Copy the data below exactly. Any pictures in it should be omitted.

..............................

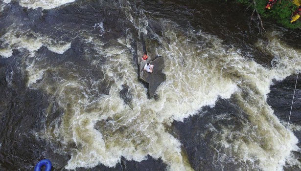 Brandweercommandant Roma bleek per toeval een drone in zijn auto te hebben liggen en heeft deze dan ook meteen ingezet. "The drone just happened to be in my vehicle and it was one of those times where the application fit the moment." Daaraan voegt hij toe dat het voor de brandweer prioriteit had om de oudere knul van een reddingsvest te voorzien, voor het geval hij in het water zou glijden, "Our first priority was getting the older boy a life jacket in case he slipped into the water". De jongere jongen was al voorzien van een reddingsvest en hij zou eerst door de reddingswerkers uit zijn benarde situatie worden gehaald. De nood van het vest voor de oudere jongen was dus hoog, aangezien hij in de tussentijd nog van de rots af zo kunnen glijden. rivier2
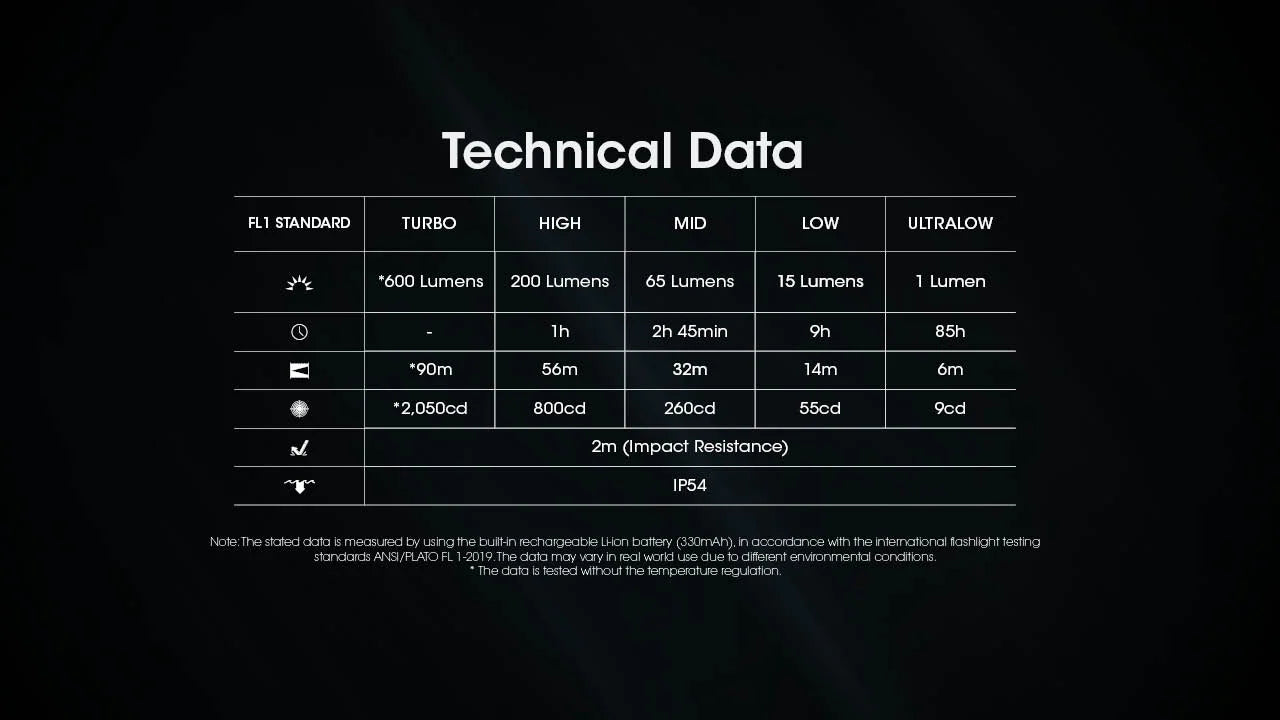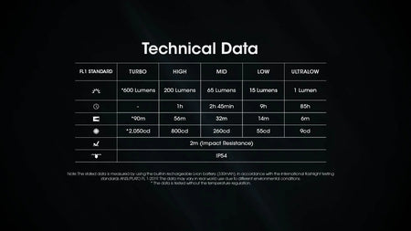 | Mid | 65 lumens | 2 hrs 45 mins |
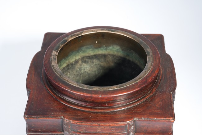 琮這種器型最早來自上古玉琮。玉琮是一種內圓外方的筒形玉器,為中國古代的重要禮器之一。據戰國《周禮·春宮·大宗伯》記載:“以玉作六器,以禮天地四方。以蒼壁禮天,以黃琮禮地。”一般認為,玉琮與宗教祭祀、財富權力有關。此件爐器型仿玉琮而制,用黃花梨制成,色澤沈斂紅潤,文理美觀,包漿厚重。整體外方內圓,圓口,短直頸,平折肩,四面方體,寓天圓地方之意。器身四面皆浮雕“饕餮紋”,刀工流暢細膩,可謂精工巧奪。爐心為紅銅制成,銅質優良。整體氣勢恢宏,為具陳設和實用於一身的佳品。類似名貴木製香爐十分罕見,查閱資料,尚未發現第二尊黃花梨製香爐。市場上唯一類似藏品可參考一件清代紫檀饕餮紋香爐,北京翰海2014年10月拍賣,拍品號3363,成交價345,000RMB。來源: 洛杉磯重要藏家收藏 Provenance:From an Important private collection, Los Angeles
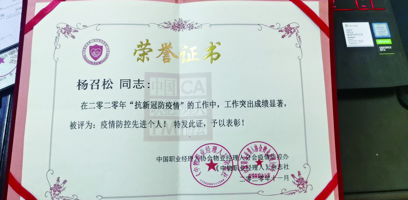 山东省阳信春晖物业管理有限公司被中职协物业经理人分会评为“疫情防控先进集体”等荣誉。总经理杨召松同志被中职协物业经理人分会评为“疫情防控突出个人”。
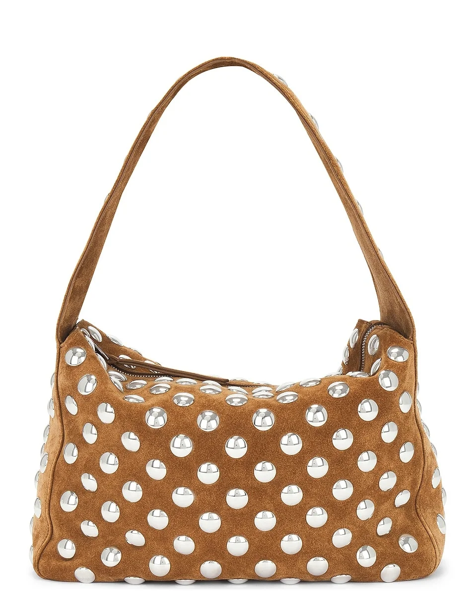 Details - Suede exterior with silver-tone studs and leather lining - Made in Italy - Top zipper closure - One main compartment - Interior card slot - Measures approx 27 cm W x 18 cm H x 9 cm D - Shoulder strap with a 14 cm drop - Our Style No. KTAH-WY129 - Manufacturer Style No. H2025-849
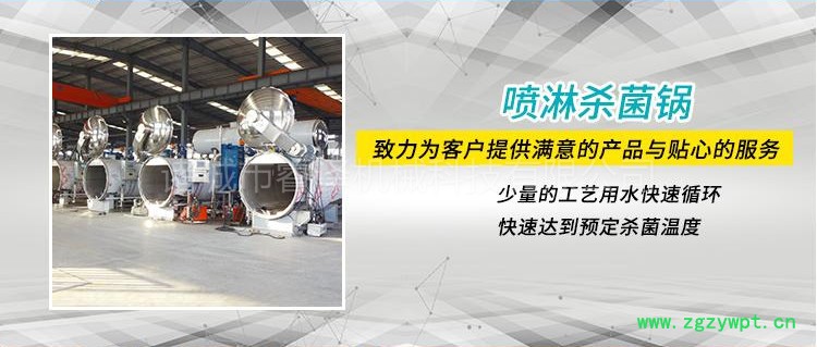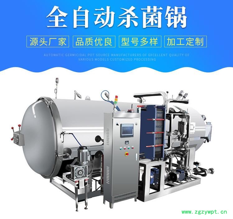 杀菌锅由锅体、锅盖、开启装置、锁紧楔块、安全联锁装置、轨道、灭菌筐、蒸汽喷管及若干管口等组成。锅盖密封采用充气式硅橡胶耐温密封圈,密封可靠,使用寿命长。具有受热面积大,热效率高、加热均匀、液料沸腾时间短、加热温度容易控制等特点。从控制方式上分有五种,分为手动控制型、电气自控型、电脑自控型、电脑半自动控制型、电脑全自动控制型(远程控制型)等五种。其设备应用广泛,主要应用于:肉制品加工厂、罐头加工厂、菌类加工厂、豆制品类加工厂等。

..............................

[Solved problem]
 Brandweercommandant Roma bleek per toeval een drone in zijn auto te hebben liggen en heeft deze dan ook meteen ingezet. "The drone just happened to be in my vehicle and it was one of those times where the application fit the moment." Daaraan voegt hij toe dat het voor de brandweer prioriteit had om de oudere knul van een reddingsvest te voorzien, voor het geval hij in het water zou glijden, "Our first priority was getting the older boy a life jacket in case he slipped into the water". De jongere jongen was al voorzien van een reddingsvest en hij zou eerst door de reddingswerkers uit zijn benarde situatie worden gehaald. De nood van het vest voor de oudere jongen was dus hoog, aangezien hij in de tussentijd nog van de rots af zo kunnen glijden. rivier2
 | Mid | 65 lumens | 2 hrs 45 mins |
 琮這種器型最早來自上古玉琮。玉琮是一種內圓外方的筒形玉器,為中國古代的重要禮器之一。據戰國《周禮·春宮·大宗伯》記載:“以玉作六器,以禮天地四方。以蒼壁禮天,以黃琮禮地。”一般認為,玉琮與宗教祭祀、財富權力有關。此件爐器型仿玉琮而制,用黃花梨制成,色澤沈斂紅潤,文理美觀,包漿厚重。整體外方內圓,圓口,短直頸,平折肩,四面方體,寓天圓地方之意。器身四面皆浮雕“饕餮紋”,刀工流暢細膩,可謂精工巧奪。爐心為紅銅制成,銅質優良。整體氣勢恢宏,為具陳設和實用於一身的佳品。類似名貴木製香爐十分罕見,查閱資料,尚未發現第二尊黃花梨製香爐。市場上唯一類似藏品可參考一件清代紫檀饕餮紋香爐,北京翰海2014年10月拍賣,拍品號3363,成交價345,000RMB。來源: 洛杉磯重要藏家收藏 Provenance:From an Important private collection, Los Angeles
 山东省阳信春晖物业管理有限公司被中职协物业经理人分会评为“疫情防控先进集体”等荣誉。总经理杨召松同志被中职协物业经理人分会评为“疫情防控突出个人”。
 Details - Suede exterior with silver-tone studs and leather lining - Made in Italy - Top zipper closure - One main compartment - Interior card slot - Measures approx 27 cm W x 18 cm H x 9 cm D - Shoulder strap with a 14 cm drop - Our Style No. KTAH-WY129 - Manufacturer Style No. H2025-849
 杀菌锅由锅体、锅盖、开启装置、锁紧楔块、安全联锁装置、轨道、灭菌筐、蒸汽喷管及若干管口等组成。锅盖密封采用充气式硅橡胶耐温密封圈,密封可靠,使用寿命长。具有受热面积大,热效率高、加热均匀、液料沸腾时间短、加热温度容易控制等特点。从控制方式上分有五种,分为手动控制型、电气自控型、电脑自控型、电脑半自动控制型、电脑全自动控制型(远程控制型)等五种。其设备应用广泛,主要应用于:肉制品加工厂、罐头加工厂、菌类加工厂、豆制品类加工厂等。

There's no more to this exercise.